また、乳歯の虫歯は痛みを感じにくいため、知らず知らずのうちに進行してしまうことが多いです。
「いずれ生え変わるから大丈夫」と思われがちですが、実際には口内の虫歯菌も増えるため、生え変わった後の永久歯にも影響が出てしまいます。
そのため、早いうちから歯磨き指導を受け、乳歯の虫歯を予防するのが大切です。
小児歯科の歯磨き指導における注意点
小児歯科の歯磨き指導における注意点としては、定期的に歯科クリニックに通わなければいけないため、費用がかかることが挙げられます。
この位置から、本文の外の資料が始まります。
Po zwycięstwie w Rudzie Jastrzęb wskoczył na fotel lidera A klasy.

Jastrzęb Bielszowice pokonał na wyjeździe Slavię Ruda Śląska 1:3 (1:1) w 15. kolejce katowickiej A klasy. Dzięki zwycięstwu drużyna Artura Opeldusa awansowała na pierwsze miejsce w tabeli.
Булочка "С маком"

ただし、歯磨き指導は、虫歯や歯周病の発症を未然に防ぐことを目的としているため、虫歯や歯周病になりその治療費が発生することを考えると、トータルでは費用を抑えられる可能性が高くなります。
また、その他の注意点としては、子どもが指導を受けるだけでなく、親御さんも歯磨きに関するポイントについて質問するということです。
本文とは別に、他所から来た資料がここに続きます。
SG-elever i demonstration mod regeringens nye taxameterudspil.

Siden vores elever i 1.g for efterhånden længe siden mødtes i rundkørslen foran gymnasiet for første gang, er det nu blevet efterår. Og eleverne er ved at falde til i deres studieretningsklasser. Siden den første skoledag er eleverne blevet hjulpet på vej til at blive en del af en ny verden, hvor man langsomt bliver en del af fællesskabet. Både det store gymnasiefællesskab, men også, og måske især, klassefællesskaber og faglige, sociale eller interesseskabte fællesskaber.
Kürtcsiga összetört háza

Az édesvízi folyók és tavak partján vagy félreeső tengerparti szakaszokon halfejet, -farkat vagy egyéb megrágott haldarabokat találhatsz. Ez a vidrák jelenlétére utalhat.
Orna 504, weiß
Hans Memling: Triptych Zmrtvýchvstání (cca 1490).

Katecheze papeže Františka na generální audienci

例えば、子どもの歯の形に合った歯ブラシについて、正しい歯の磨き方について、デンタルフロスの使い方についてといったポイントは、積極的に質問し、親御さんも把握しておくべきだと言えます。
まとめ
ここまで、小児歯科の歯磨き指導におけるメリットを中心に解説してきましたが、いかがでしたでしょうか?
歯磨き指導を受ければ、親御さんだけではカバーしきれない専門的な知識や技術についても、ある程度得ることができます。
また、これらの知識は、子どもの虫歯や歯周病予防につながるだけでなく、親御さんが自身の歯をケアする際にも役立ちます。